- TASK GOAL
With the line containing "제 2023-013 (사)대전세종충남여성벤처협회" as the final line, restate exactly every line of the data below from the first one onward, and copy no pictures.

- EXTRACTED DATA
=====

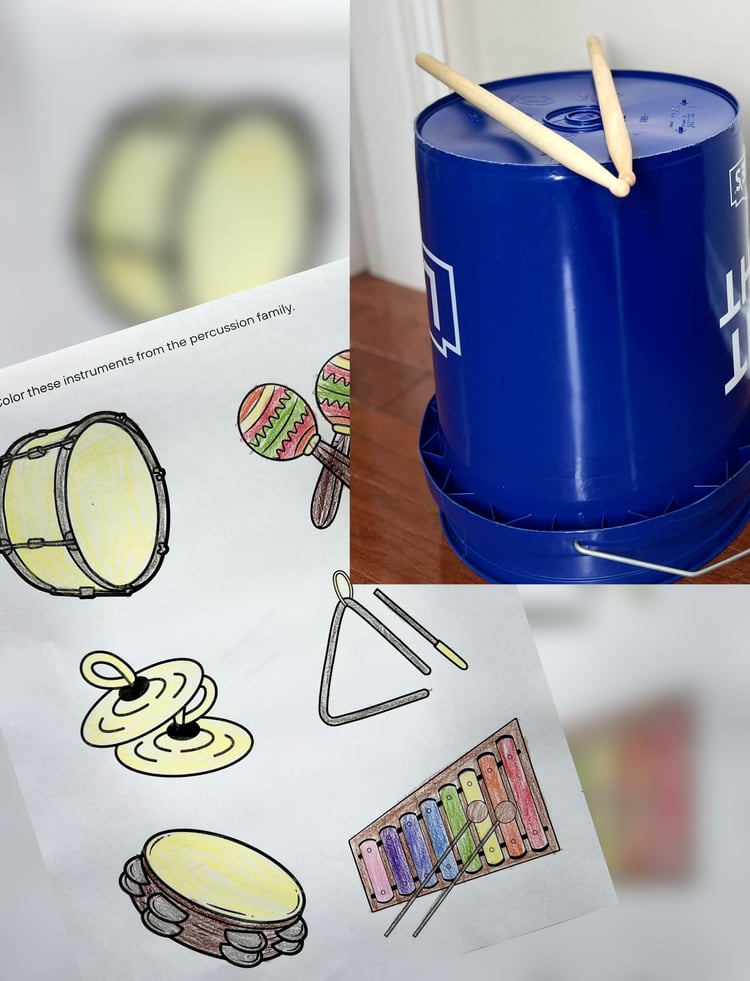 Get ready to go hunting around the house and see what materials you can find to make your own percussion instrument. Kids learn that a percussion instrument is anything you can hit, shake, or scrape.
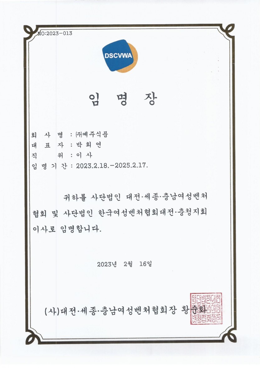 제 2023-013 (사)대전세종충남여성벤처협회 이사 임명장 페이지 정보 작성자최고관리자 댓글 0건 조회 3,825회 작성일 23-07-05 11:41 본문 <br/> 목록 이전글제 2023-107호 (사) 대한민국명장회 표창 23.07.05 다음글제 2022-1072호 대전광역시 서구청장 표창 23.07.05 댓글목록 댓글목록 등록된 댓글이 없습니다.
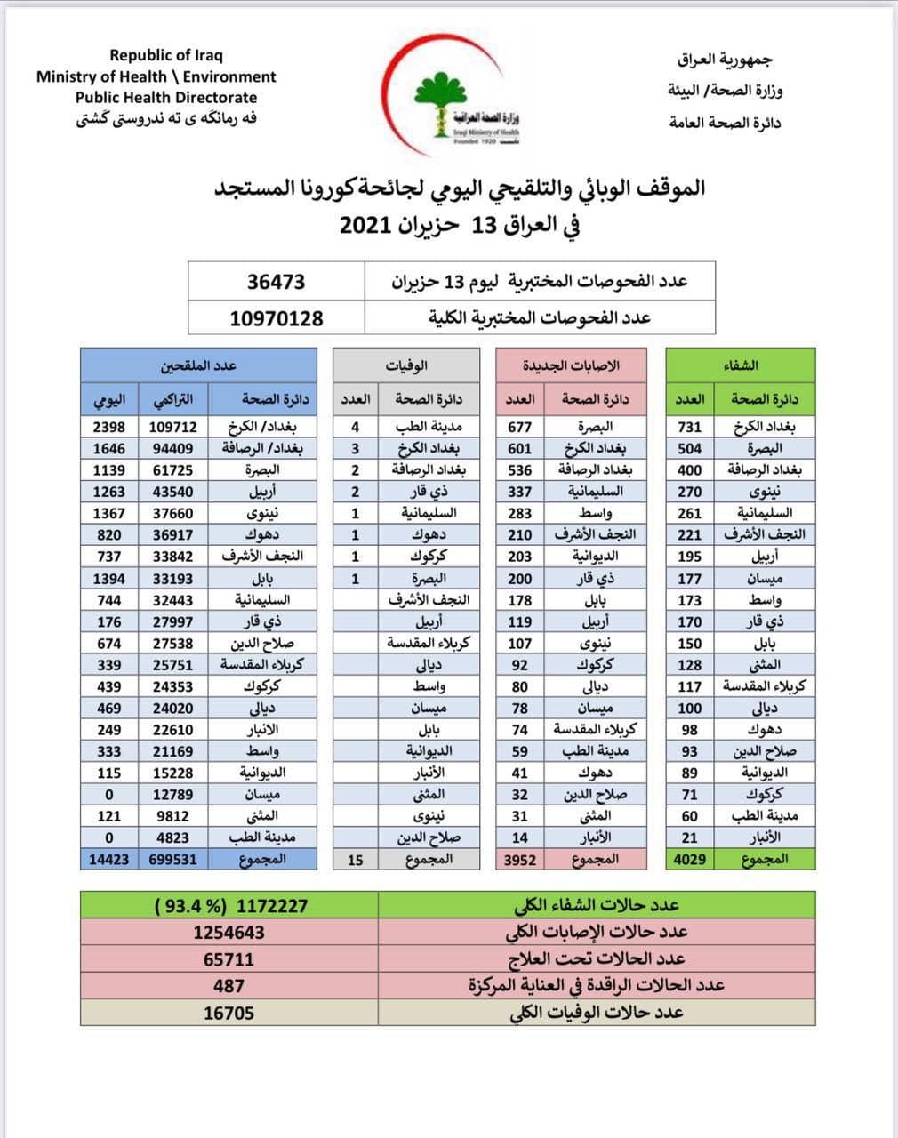 وقالت الوزارة في بيان إنها "سجلت 3952 حالة إصابة جديدة، مقابل تماثل 4029 حالة للشفاء، و 15 حالة وفاة بالفيروس". وأشارت إلى "تلقي 14423 شخصاً للقاح كورونا في يوم واحد".
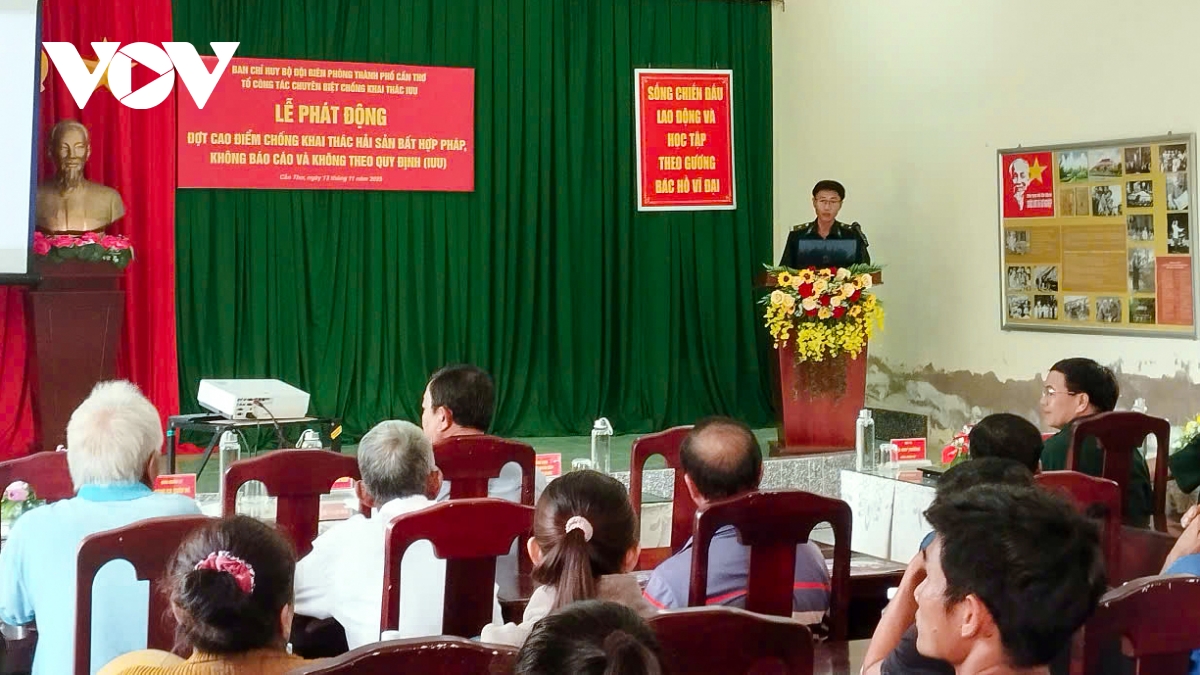 VOV.VN - Trong 2 ngày 13 và 14/11, Ban Chỉ huy Bộ đội Biên phòng TP Cần Thơ tổ chức tuyên truyền phòng, chống khai thác hải sản bất hợp pháp, không báo cáo, không theo quy định (IUU) và các giải pháp phòng ngừa, ngăn chặn tại Đồn Biên phòng An Thạnh Ba và Cảng cá Trần Đề.
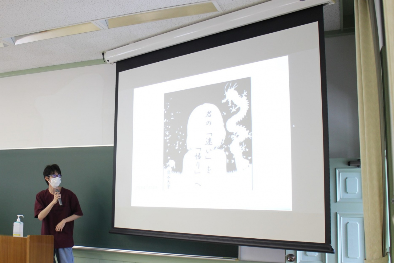 龍谷大学文学部の開講科目「情報メディア論A」7月21日(木)の最終講義では、各受講生が「高校生にひびく龍谷大学のポスター」の発表を行いました。
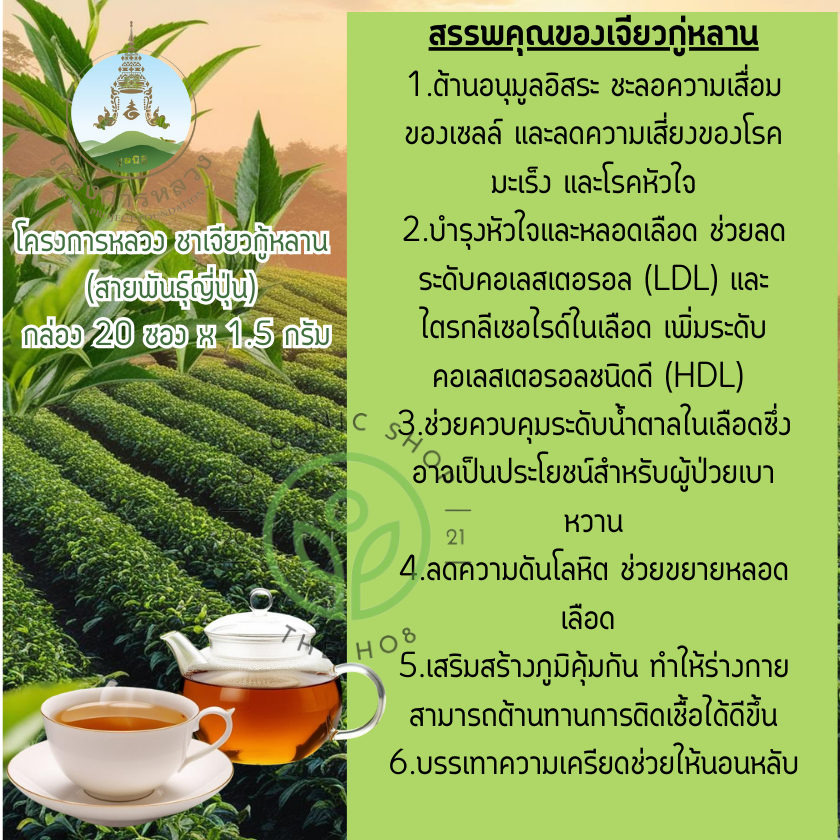 โครการหลวง ชา ชาเจียวกู่หลาน สายพันธุ์ญี่ปุ่น ทำจากยอดชาแท้ แบบกล่องบรรจุ 20 ซอง
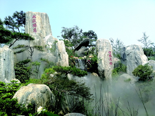 ▼室外展园“齐鲁园”中,雾喷技术营造泰山风光。
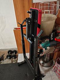 Vendo panca con porta bilancere, panca inclinabile in un paio di posizioni e reclinabile quando non si utilizza per occupare veramente poco spazio. Sono dotate di maniglie( vedi foto) per poter svolgere anche altri esercizi. Vendo a 80 euro con bilancere tecnogim da 1.50 ( solo quello ha circa il valore di tutto) o 50 euro senza bilancere. L unico difetto riportato come nella foto è il mini taglio sulla panca.

=====

- TASK SOLUTION
 Get ready to go hunting around the house and see what materials you can find to make your own percussion instrument. Kids learn that a percussion instrument is anything you can hit, shake, or scrape.
 제 2023-013 (사)대전세종충남여성벤처협회 이사 임명장 페이지 정보 작성자최고관리자 댓글 0건 조회 3,825회 작성일 23-07-05 11:41 본문 <br/> 목록 이전글제 2023-107호 (사) 대한민국명장회 표창 23.07.05 다음글제 2022-1072호 대전광역시 서구청장 표창 23.07.05 댓글목록 댓글목록 등록된 댓글이 없습니다.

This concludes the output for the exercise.